- [Work instruction]:
Transcribe all data verbatim. Skip the pictures.
━━ Data excerpt
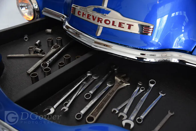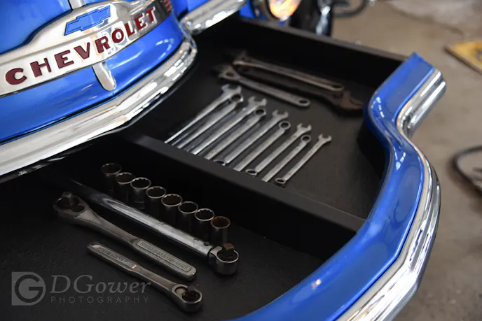 The final detail on the tool box – to authenticate the under hood look of a 1950 Chevy pickup – was the addition of a polished aluminum upper radiator tank from Champion Cooling Systems, complete with a billet radiator cap. This late addition to the design added just the right touch, according to Bob, and we couldn’t agree more.
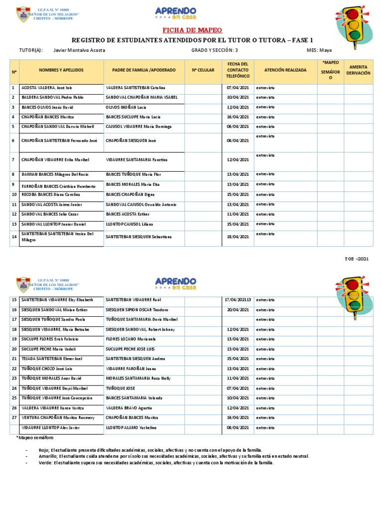 REGISTRO DE ESTUDIANTES ATENDIDOS POR EL TUTOR O TUTORA – FASE 1
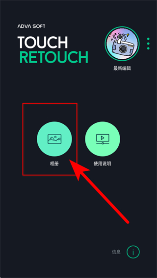 1.打開Retouch應用,點擊相冊按鈕,選擇需要編輯的圖片。
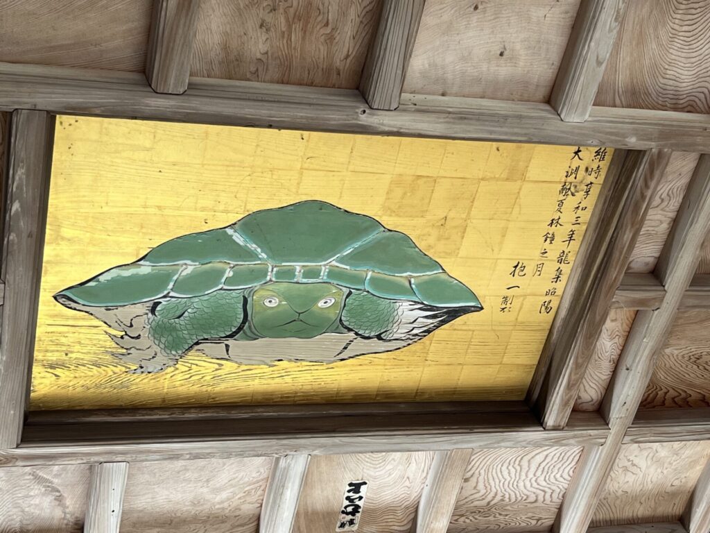 拝殿の天井に描かれた亀の絵(模写)は、江戸時代の絵師・酒井抱一の作と伝えられています
━━━━
- [Answer to the problem]:
 The final detail on the tool box – to authenticate the under hood look of a 1950 Chevy pickup – was the addition of a polished aluminum upper radiator tank from Champion Cooling Systems, complete with a billet radiator cap. This late addition to the design added just the right touch, according to Bob, and we couldn’t agree more.
 REGISTRO DE ESTUDIANTES ATENDIDOS POR EL TUTOR O TUTORA – FASE 1
 1.打開Retouch應用,點擊相冊按鈕,選擇需要編輯的圖片。
 拝殿の天井に描かれた亀の絵(模写)は、江戸時代の絵師・酒井抱一の作と伝えられています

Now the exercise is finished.